It was this new class line-up that was to be instrumental in Turkey's adaptation to the requirements of the postwar order. However, contrary to Kemalist mythology, the process of adaptation started much before the rise to power of the DP. Every single element of the new economic programme was initiated, under the pressure of the new balance of international and internal class forces, by the RPP between 1946 and 1948. The new orientation was predicated upon shifting priorities from the state sector to private capital, from industry to agriculture (and to transportation infrastructure in order to facilitate the commercialisation of agricultural products), from protection to foreign trade liberalisation.

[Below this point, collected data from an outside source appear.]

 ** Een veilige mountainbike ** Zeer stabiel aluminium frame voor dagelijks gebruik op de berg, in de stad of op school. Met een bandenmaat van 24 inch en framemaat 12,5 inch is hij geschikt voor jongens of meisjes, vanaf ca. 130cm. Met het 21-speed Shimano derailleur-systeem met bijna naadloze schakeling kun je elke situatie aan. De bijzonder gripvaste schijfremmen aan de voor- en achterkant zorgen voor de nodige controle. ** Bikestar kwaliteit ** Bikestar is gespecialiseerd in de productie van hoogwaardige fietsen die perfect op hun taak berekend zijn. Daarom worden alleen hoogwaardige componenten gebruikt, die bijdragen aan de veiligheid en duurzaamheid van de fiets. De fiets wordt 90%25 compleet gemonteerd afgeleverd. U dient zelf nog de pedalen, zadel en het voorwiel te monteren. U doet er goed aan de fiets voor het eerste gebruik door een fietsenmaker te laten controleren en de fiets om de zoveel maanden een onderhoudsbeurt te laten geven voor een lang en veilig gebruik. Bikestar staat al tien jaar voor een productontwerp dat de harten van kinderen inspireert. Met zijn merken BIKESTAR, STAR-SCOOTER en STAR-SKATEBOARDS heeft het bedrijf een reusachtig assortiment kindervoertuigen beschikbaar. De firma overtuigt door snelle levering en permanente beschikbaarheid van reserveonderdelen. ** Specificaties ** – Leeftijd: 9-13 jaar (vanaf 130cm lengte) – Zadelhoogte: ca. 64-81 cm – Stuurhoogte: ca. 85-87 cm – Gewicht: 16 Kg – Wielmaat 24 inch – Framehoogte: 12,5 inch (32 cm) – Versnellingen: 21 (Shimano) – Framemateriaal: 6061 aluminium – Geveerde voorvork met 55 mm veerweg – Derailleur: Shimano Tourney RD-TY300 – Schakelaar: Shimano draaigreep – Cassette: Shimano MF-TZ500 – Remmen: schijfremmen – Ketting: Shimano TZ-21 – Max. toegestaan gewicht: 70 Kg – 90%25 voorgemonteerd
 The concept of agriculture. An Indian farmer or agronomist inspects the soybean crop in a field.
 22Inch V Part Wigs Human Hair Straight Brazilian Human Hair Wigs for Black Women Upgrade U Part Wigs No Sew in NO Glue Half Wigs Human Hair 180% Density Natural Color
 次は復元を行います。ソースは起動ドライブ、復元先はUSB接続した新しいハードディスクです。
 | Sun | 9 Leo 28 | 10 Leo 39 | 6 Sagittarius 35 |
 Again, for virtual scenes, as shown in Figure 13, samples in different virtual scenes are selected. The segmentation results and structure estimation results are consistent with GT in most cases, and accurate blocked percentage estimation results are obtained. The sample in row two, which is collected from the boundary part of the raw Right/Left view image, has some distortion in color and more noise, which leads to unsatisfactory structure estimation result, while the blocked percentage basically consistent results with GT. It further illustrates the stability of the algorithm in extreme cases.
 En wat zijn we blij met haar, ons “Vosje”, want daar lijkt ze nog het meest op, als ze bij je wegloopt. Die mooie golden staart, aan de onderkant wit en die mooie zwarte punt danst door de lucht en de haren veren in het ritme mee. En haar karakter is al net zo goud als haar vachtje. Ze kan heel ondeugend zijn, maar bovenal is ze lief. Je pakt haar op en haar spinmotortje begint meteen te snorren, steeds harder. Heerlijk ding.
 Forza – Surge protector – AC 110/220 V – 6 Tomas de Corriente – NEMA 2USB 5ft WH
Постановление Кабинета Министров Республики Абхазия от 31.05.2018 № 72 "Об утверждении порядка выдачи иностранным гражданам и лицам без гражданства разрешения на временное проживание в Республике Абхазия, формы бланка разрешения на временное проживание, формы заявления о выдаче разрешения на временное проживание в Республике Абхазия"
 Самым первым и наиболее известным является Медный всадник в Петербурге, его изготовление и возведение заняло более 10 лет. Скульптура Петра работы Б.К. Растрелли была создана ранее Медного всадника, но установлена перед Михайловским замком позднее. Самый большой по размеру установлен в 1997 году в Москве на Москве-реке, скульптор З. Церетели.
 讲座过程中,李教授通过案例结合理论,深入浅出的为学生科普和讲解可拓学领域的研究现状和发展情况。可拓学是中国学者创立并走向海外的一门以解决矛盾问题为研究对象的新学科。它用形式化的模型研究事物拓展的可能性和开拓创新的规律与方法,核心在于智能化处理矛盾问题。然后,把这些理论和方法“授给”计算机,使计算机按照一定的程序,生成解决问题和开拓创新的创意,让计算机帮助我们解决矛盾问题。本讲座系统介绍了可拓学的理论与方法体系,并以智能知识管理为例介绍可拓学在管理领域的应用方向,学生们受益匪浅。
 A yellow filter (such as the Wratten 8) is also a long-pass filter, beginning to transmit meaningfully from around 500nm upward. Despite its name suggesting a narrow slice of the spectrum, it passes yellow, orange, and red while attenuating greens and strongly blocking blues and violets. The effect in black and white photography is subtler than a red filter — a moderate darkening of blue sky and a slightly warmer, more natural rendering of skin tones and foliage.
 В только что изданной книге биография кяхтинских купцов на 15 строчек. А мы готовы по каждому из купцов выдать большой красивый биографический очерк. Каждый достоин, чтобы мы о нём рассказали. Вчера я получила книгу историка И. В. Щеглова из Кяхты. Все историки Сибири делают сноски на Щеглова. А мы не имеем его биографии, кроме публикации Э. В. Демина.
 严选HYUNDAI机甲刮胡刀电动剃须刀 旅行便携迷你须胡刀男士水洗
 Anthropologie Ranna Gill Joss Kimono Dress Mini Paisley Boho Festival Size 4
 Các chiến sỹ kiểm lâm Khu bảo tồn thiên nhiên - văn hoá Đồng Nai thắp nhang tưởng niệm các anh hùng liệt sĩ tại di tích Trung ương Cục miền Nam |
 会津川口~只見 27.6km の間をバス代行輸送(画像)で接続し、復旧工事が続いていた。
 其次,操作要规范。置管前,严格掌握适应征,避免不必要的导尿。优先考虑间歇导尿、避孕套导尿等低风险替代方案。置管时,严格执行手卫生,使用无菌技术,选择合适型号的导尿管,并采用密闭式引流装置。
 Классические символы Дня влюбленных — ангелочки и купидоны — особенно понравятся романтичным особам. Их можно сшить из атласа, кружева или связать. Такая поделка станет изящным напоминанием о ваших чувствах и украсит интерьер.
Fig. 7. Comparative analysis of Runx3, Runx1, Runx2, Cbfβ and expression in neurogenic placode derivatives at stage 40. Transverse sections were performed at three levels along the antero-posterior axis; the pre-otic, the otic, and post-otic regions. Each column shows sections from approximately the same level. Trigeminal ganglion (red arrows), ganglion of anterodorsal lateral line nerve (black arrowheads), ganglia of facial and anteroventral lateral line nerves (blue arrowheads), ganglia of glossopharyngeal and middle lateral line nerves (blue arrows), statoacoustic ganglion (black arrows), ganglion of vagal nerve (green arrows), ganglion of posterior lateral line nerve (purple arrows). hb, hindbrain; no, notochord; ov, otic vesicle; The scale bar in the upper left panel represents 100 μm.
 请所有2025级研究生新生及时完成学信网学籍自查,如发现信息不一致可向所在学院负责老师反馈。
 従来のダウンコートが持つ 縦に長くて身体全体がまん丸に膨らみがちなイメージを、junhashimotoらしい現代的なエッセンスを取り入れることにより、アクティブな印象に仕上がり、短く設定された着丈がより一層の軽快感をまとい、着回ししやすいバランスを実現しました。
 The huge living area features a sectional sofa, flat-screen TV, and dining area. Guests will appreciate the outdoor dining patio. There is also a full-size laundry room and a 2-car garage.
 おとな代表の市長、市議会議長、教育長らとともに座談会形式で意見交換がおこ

It also included a more benign attitude to foreign capital, for the encouragement of which successive administrative and legislative steps were taken in 1947 by the RPP, in 1951 by the D P, to be crowned by the Law for the Encouragement of Foreign Capital and the Petroleum Law of 1954, both written up by American 'experts'. Hence, with the exception of the idea of planning to which the RPP still clinged, the DP in power did nothing but deepen further an orientation which was well under way by 1950. But in one very significant area the DP did not break with the policies of the 1930s: although it promised, before coming to power, to reduce or even to liquidate the state productive sector (the programme of the first DP government chided earlier governments for having created an 'interventionist, capitalistic (!), bureaucratic and monopolist' state)8, it not only kept the old state enterprises but, in effect, expanded the state sector to twice the size in which it had found it! This blatant contradiction of DP policy is additional evidence for the absolute necessity of a large state capitalist sector for the development of capitalism in the twentieth century.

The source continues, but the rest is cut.